* [Extracted data]
########
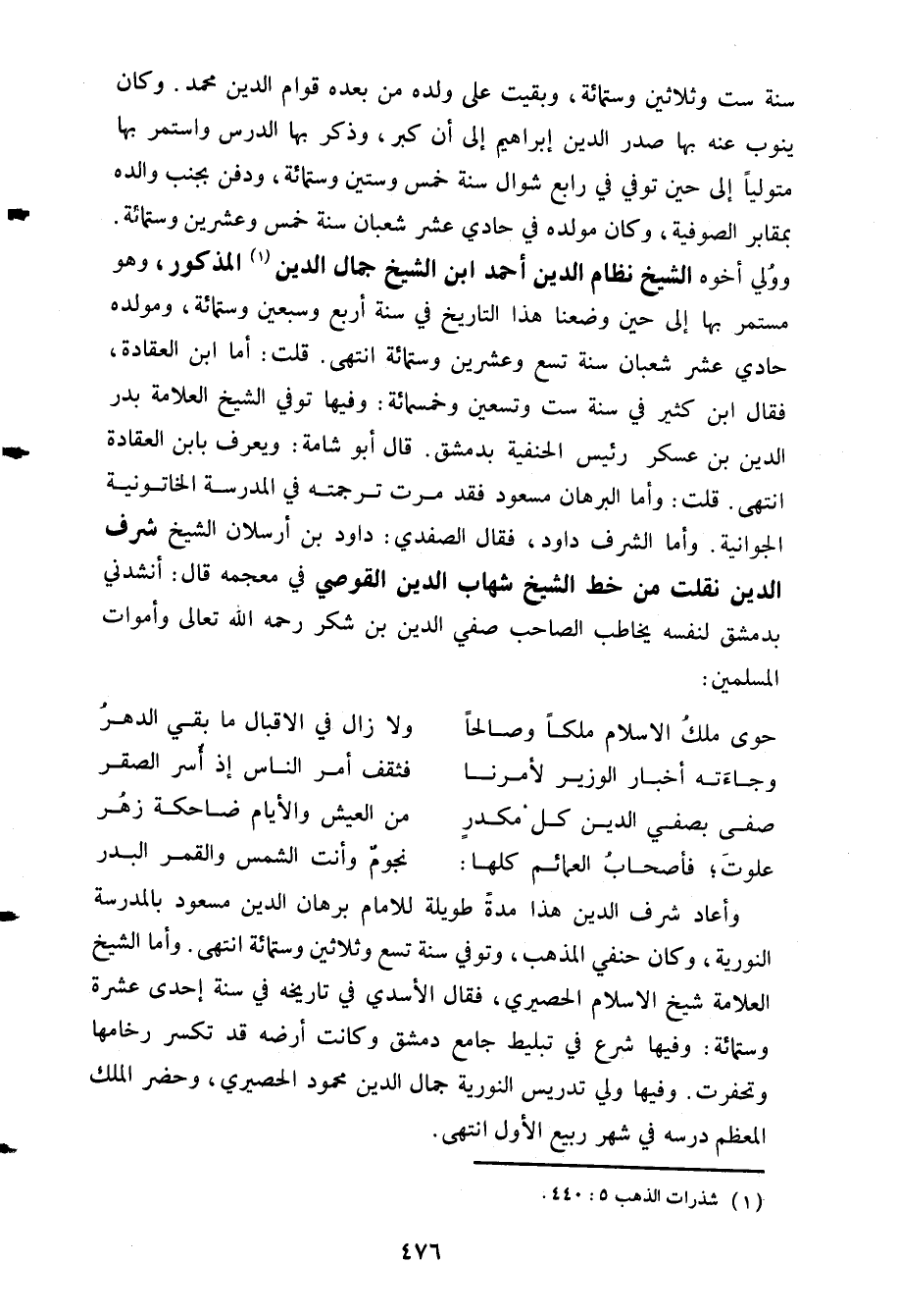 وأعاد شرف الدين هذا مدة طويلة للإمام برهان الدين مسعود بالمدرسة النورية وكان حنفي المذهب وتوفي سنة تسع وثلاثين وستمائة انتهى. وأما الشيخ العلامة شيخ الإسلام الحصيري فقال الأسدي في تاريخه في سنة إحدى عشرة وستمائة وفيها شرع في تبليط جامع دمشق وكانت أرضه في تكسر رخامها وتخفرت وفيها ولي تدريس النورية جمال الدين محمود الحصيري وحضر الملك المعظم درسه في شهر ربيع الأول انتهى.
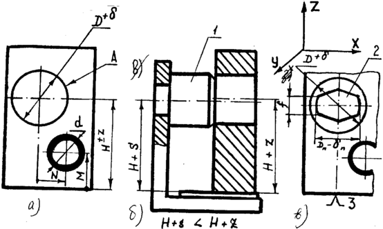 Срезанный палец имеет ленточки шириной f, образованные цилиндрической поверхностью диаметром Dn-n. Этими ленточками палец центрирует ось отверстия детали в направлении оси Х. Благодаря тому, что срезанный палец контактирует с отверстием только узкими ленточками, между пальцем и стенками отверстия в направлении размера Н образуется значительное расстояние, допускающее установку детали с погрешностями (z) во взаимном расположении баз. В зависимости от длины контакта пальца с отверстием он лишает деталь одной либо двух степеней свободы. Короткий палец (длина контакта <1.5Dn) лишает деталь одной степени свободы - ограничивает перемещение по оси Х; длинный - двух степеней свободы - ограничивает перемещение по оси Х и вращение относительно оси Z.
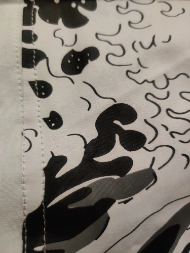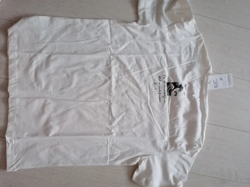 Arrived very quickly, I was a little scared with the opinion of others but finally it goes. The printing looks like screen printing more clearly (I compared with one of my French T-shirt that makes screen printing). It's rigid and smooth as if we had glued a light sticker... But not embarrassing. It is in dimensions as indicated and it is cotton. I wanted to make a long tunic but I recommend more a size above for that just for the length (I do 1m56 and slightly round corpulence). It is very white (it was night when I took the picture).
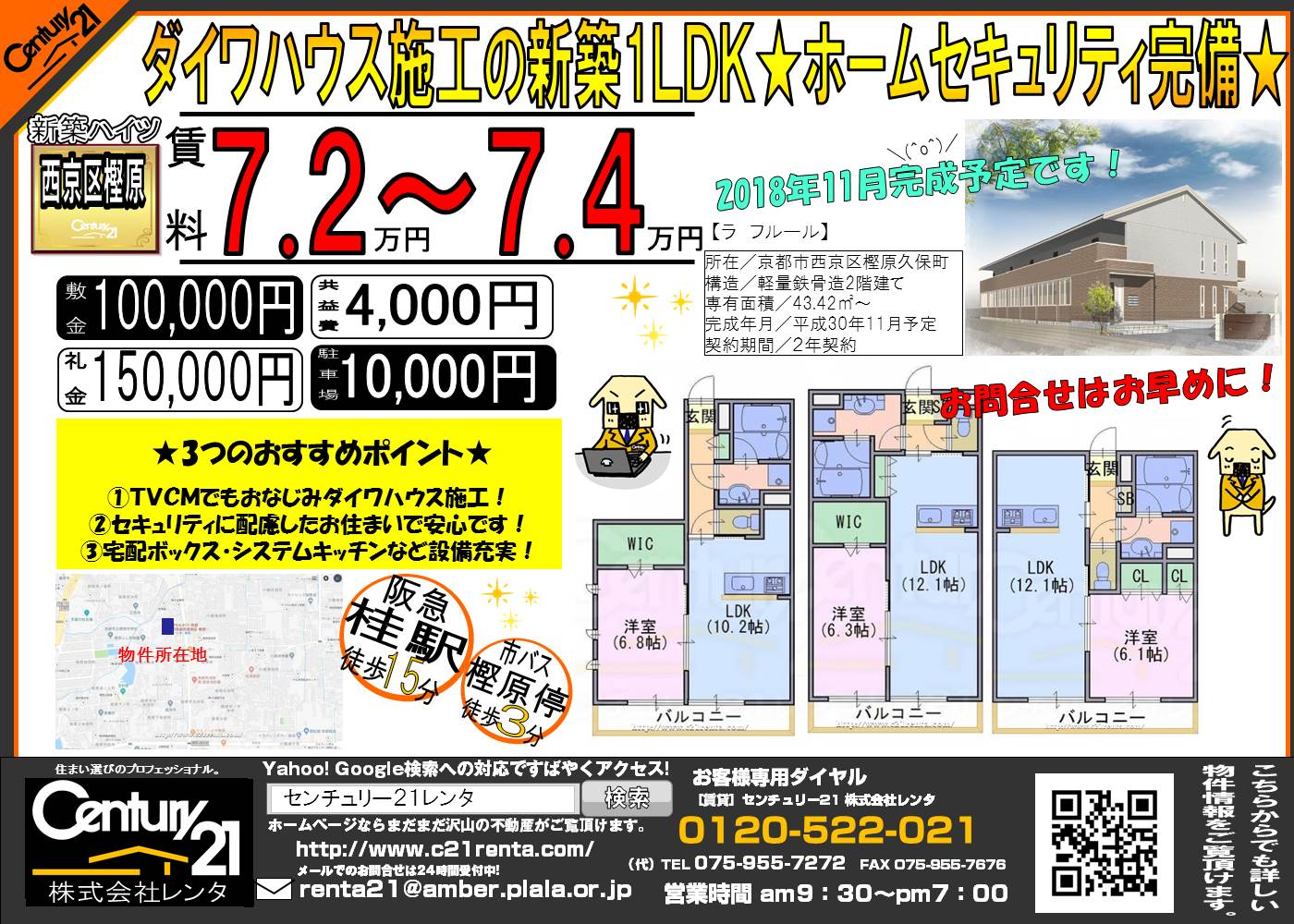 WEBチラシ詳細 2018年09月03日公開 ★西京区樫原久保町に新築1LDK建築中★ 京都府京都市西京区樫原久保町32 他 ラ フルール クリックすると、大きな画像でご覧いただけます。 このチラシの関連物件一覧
########
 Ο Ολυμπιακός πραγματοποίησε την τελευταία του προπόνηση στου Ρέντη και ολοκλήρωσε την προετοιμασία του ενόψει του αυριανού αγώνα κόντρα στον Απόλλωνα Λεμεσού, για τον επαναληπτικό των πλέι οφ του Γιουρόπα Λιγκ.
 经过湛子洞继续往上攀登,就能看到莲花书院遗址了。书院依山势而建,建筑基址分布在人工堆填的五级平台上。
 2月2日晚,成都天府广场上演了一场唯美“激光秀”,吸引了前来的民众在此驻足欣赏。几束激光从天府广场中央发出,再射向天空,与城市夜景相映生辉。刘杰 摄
########
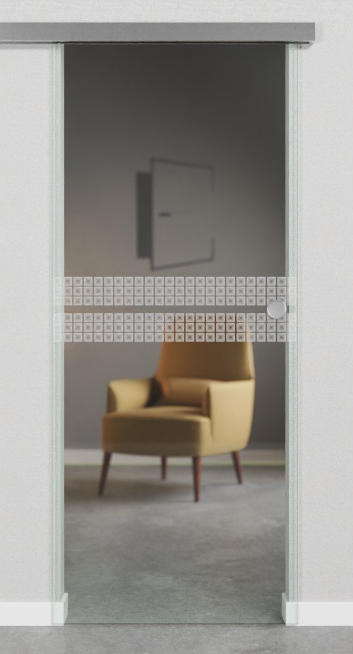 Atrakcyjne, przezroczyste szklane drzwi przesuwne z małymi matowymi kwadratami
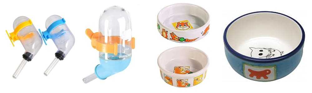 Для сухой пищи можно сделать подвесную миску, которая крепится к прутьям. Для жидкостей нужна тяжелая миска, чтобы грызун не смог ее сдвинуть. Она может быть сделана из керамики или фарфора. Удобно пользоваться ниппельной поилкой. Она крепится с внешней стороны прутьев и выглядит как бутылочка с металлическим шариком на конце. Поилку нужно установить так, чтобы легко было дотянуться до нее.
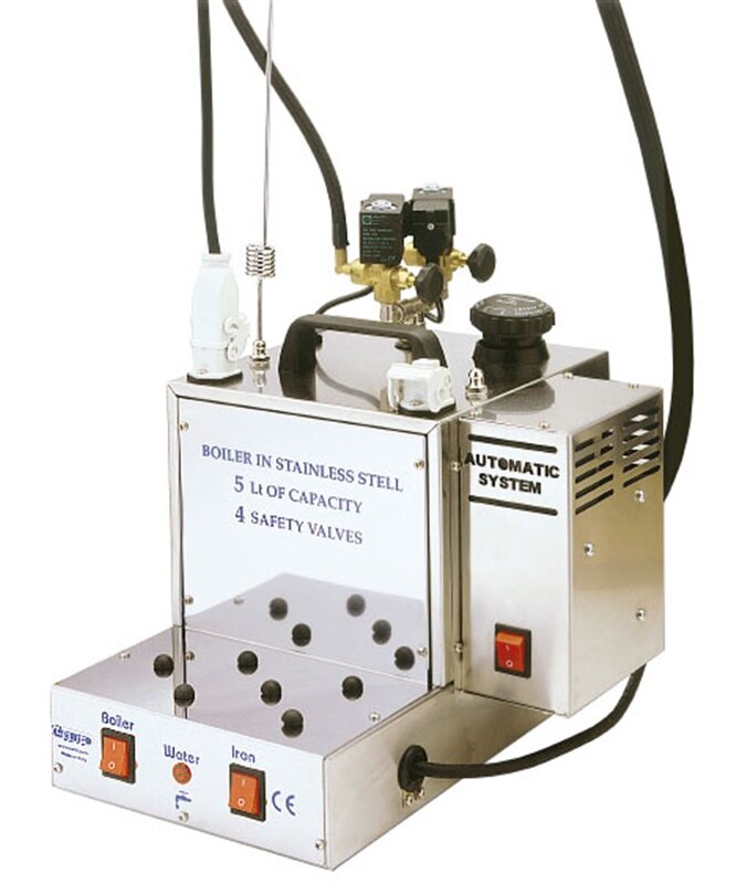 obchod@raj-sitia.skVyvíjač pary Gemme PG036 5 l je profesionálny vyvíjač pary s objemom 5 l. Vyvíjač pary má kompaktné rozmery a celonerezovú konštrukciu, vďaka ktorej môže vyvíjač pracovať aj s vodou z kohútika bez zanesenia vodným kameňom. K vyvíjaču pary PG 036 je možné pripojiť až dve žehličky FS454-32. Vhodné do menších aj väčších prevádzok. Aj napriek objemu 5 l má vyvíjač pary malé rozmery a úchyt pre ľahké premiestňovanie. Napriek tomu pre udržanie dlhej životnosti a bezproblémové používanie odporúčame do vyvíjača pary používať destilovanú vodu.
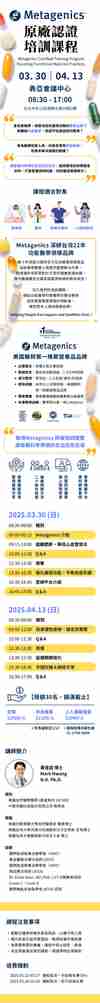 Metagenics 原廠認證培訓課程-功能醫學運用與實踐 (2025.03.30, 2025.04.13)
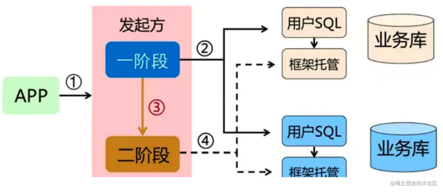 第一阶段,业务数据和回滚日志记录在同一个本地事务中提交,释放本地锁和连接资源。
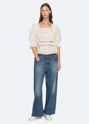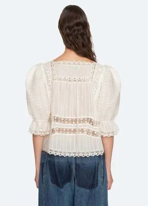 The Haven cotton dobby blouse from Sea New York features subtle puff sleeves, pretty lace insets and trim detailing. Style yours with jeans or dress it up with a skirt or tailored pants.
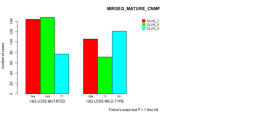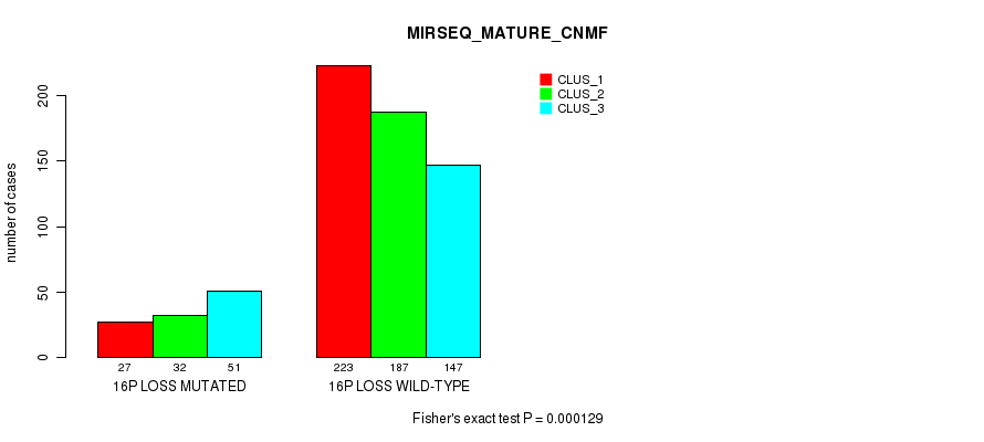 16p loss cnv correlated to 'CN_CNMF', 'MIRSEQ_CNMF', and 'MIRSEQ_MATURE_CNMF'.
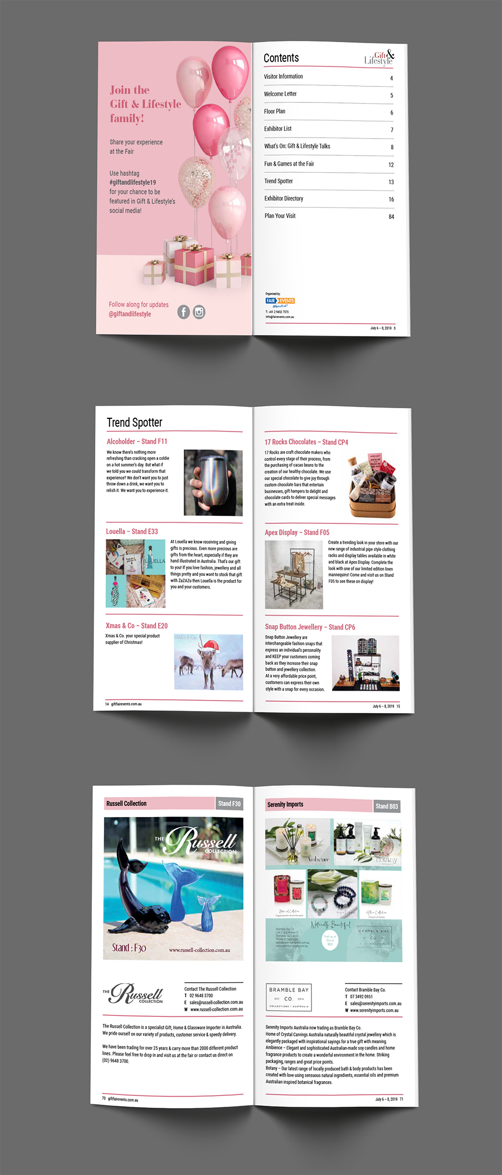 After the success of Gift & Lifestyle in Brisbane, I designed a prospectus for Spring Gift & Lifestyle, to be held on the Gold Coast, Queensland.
########
* [Task]
Go to the line above holding "Arrived very quickly, I", then copy exactly each line down to and including the one holding "WEBチラシ詳細 2018年09月03日公開 ★西京区樫原久保町に新築1LDK建築中★", leaving pictures out.

* [Task answer]
 Arrived very quickly, I was a little scared with the opinion of others but finally it goes. The printing looks like screen printing more clearly (I compared with one of my French T-shirt that makes screen printing). It's rigid and smooth as if we had glued a light sticker... But not embarrassing. It is in dimensions as indicated and it is cotton. I wanted to make a long tunic but I recommend more a size above for that just for the length (I do 1m56 and slightly round corpulence). It is very white (it was night when I took the picture).
 WEBチラシ詳細 2018年09月03日公開 ★西京区樫原久保町に新築1LDK建築中★ 京都府京都市西京区樫原久保町32 他 ラ フルール クリックすると、大きな画像でご覧いただけます。 このチラシの関連物件一覧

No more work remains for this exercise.